How could she explain it to him? He didn’t understand the ways of the outside world. “Chandalen, you must never use this gold.” He made a face that said he had already explained how useless it was, and no one would want it. “You may think it is useless, but others would kill to get it. If people knew you had gold on your land, they would swarm over you to get it. The craving for gold makes men crazy, and they would do anything to get it. They would kill Mud People.”
Chandalen straightened with a smug expression. He took his hand from the bowstring and tapped his chest. “I, and my men, protect our people. We would keep the outsiders away.”
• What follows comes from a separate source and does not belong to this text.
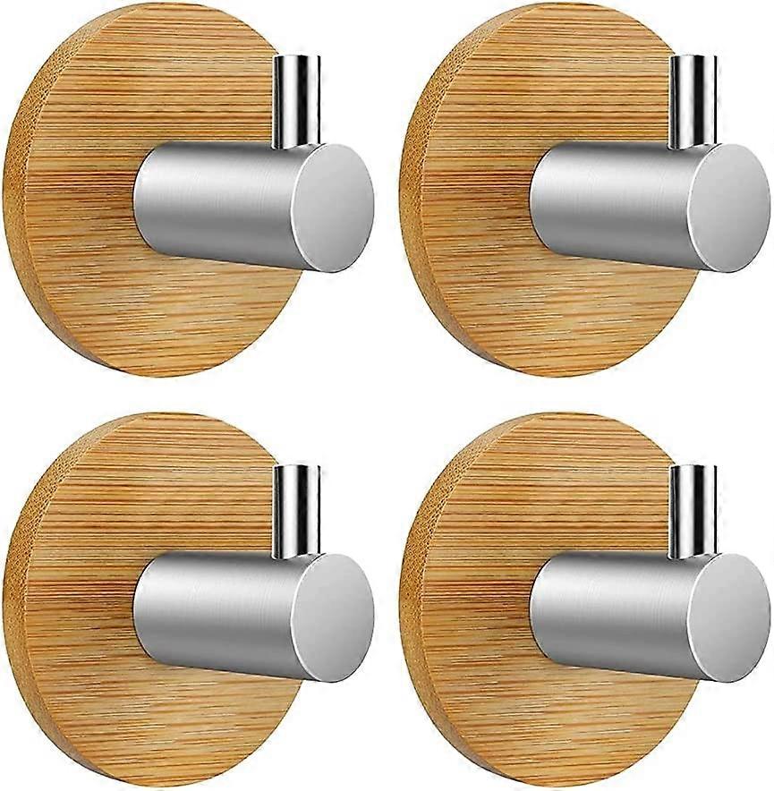 Adhesive Hook Wall Hook Self-Adhesive Hook Bathroom Kitchen Office Door, 4 Pieces (Bamboo And Stainless Steel,Round)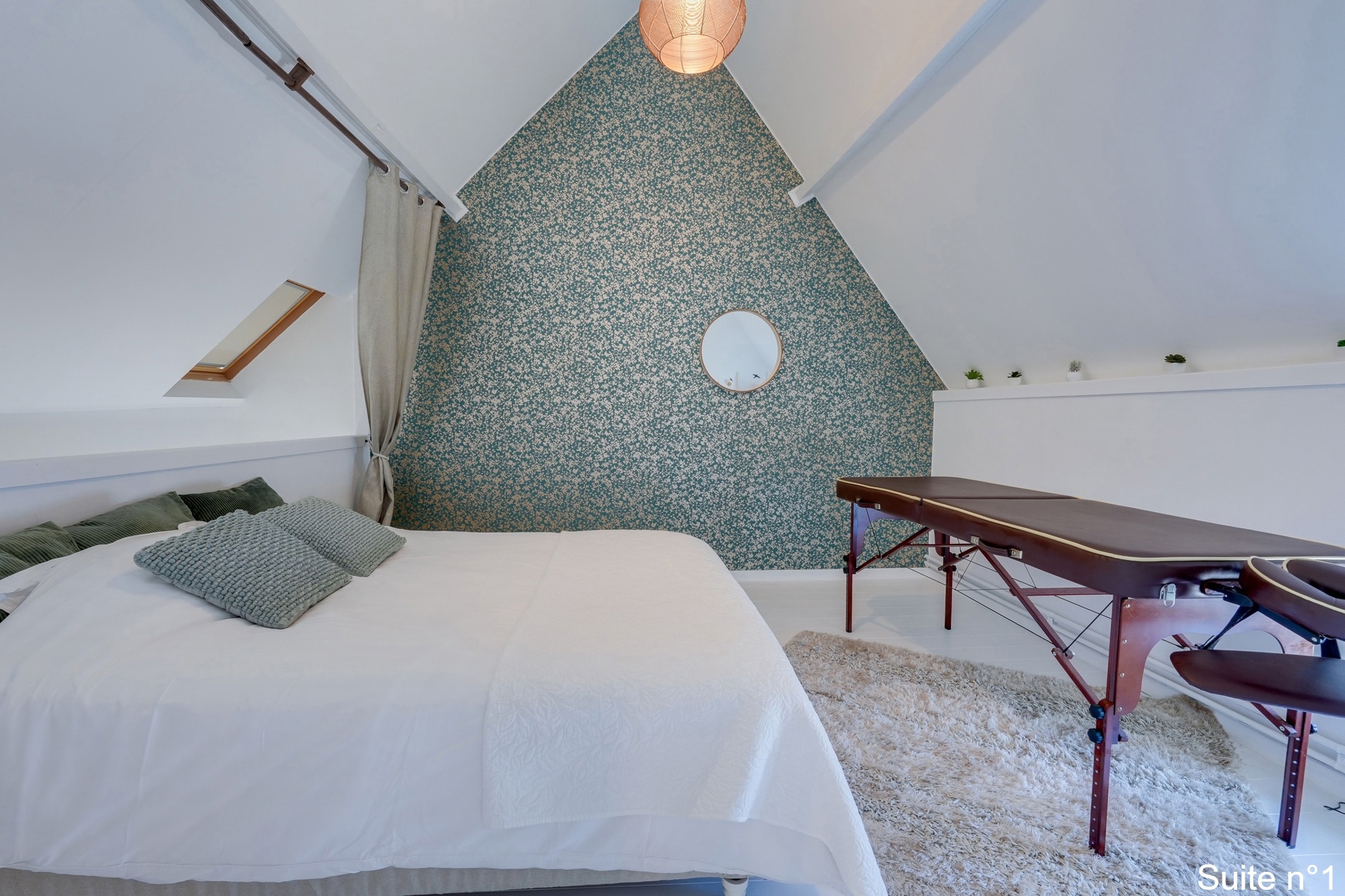 Ze is opgebouwd rond een aangelegde tuin met een zwembad van 12 meter, wat rust en privacy garandeert.De 125 m² suite bestaat uit een woonkamer met keuken, een slaapkamer, een badkamer en een privé-tuin.

Kahlan swept her arm around, taking in the hundreds upon hundreds of dead around her. “Against this many? Against thousands?” Chandalen had never seen this many people. He understood little of the numbers that lived outside his lands. “Thousands who would never stop coming until they swept you aside?”
His eyes followed the arc her arm had taken. His brow wrinkled with the frown of a worry unfamiliar to him, his arrogance evaporating as he took in the dead. “Our ancestors’ spirits have warned us not to speak of the holes in the ground with the bad air. We only let the Bantak go there, no one else.”
“See that it stays that way,” she said. “Or they will come and steal it.”
“That would be wrong, to steal from a people.” He put renewed tension to the bowstring as she let out a noisy breath of frustration. “If I make a bow to trade, everyone knows it is the work of Chandalen, because it is such a fine bow. If anyone steals it, everyone knows what it is and where it came from, and the thief would be caught, and be made to give it back. Maybe he would be sent away from his people. How do these people tell who the money belongs to, if it is taken by a thief?”
Kahlan’s mind reeled from the effort of trying to explain such things to Chandalen. At least it was keeping her from having to think about the dead all about her. She started walking again through the snow, having to step over a man’s back because there was no way around, they were fallen so close.
“It is difficult. Because of this, people guard their money. If anyone is caught stealing, the punishment is severe, to discourage thieving.”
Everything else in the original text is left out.